※本記事は、執筆者の意向により、【ひらがなのみ】及び【漢字かな交じり】の文を記載しています。
【ひらがなのみ】
とうきょうだいがくは あいぬ みんぞくや りゅうきゅう みんぞくの いこつを ぬすんだままに している。そのように きくと、 どう おもう だろうか。「え、 そんな ひどい ことが おきているの?」 「やっぱり そういう ことを やりそうだ」「さすがに おおげさに いっている のではないの?」そのような はんのうが よそう される。

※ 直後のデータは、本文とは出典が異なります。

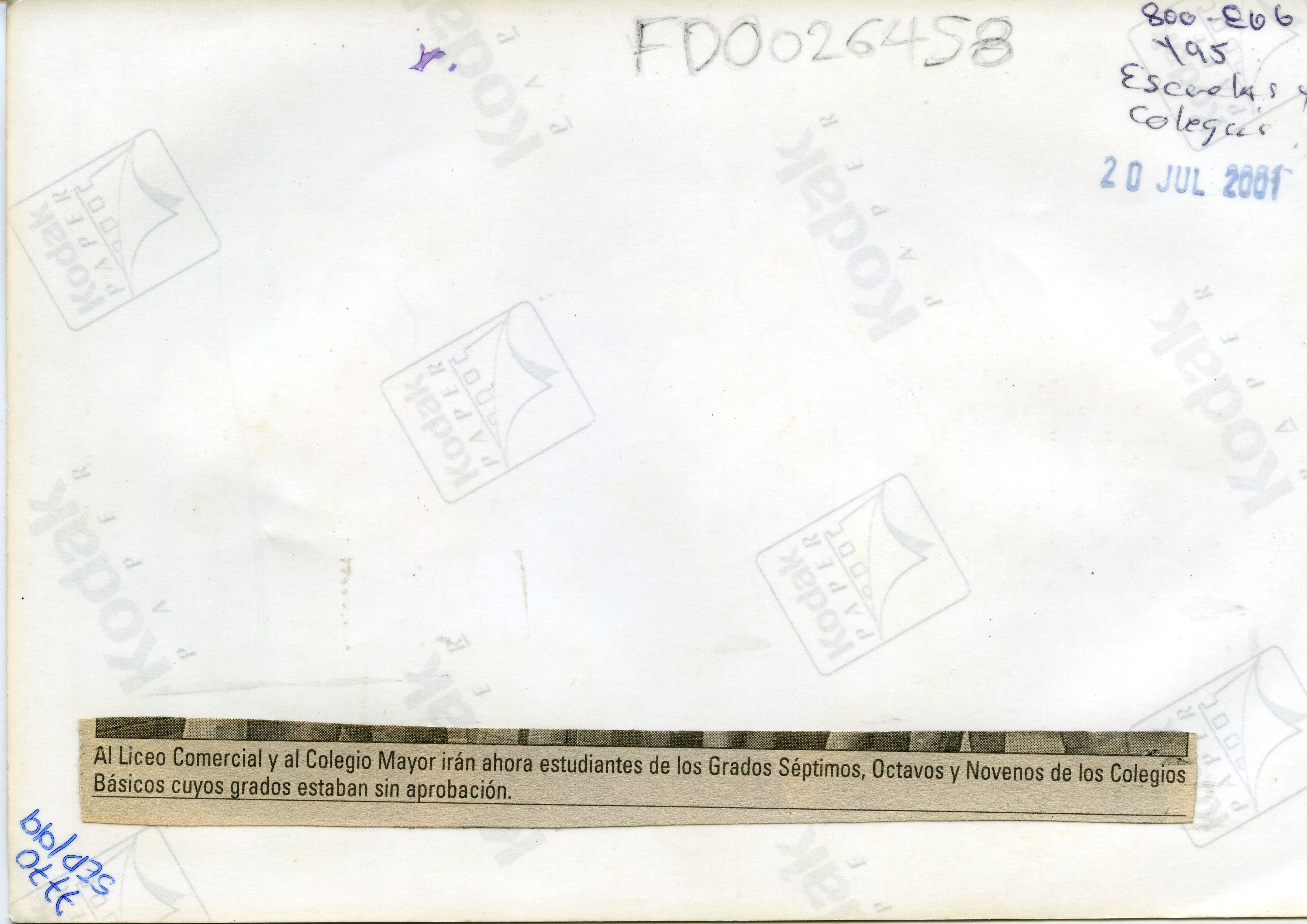 | dc.description.abstract | Al reverso de la fotografía se anexa recorte: Al Liceo Comercial y Colegio Mayor irán ahora estudiantes de los grados séptimos, octavos y novenos de los colegios Básicos cuyos grados estaban sin aprobación. | spa |

1888ねんと 1889ねんに とうきょうだいがくの いがくぶ、 こがねい・よしきよ【小金井良精】は だいがくの しごとの いっかんで あいぬの いこつを ぬすんだ。やみよに まぎれて おはかを あばいたのだ。この ひとが ずがいこつを もっている どうぞうは 2026ねん げんざいも いがくぶに かざってある。 1904ねんに とうきょうだいがくの りがくぶ、 とりい・りゅうぞう【鳥居龍蔵】は だいがくの しごとの いっかんで、 りゅうきゅうの いこつを ぬすんだ。そのほかにも ぬすんだ ひとが いて、2026ねん げんざい、 とうきょうだいがくには 31にん いじょうの ひとの いこつが のこされている。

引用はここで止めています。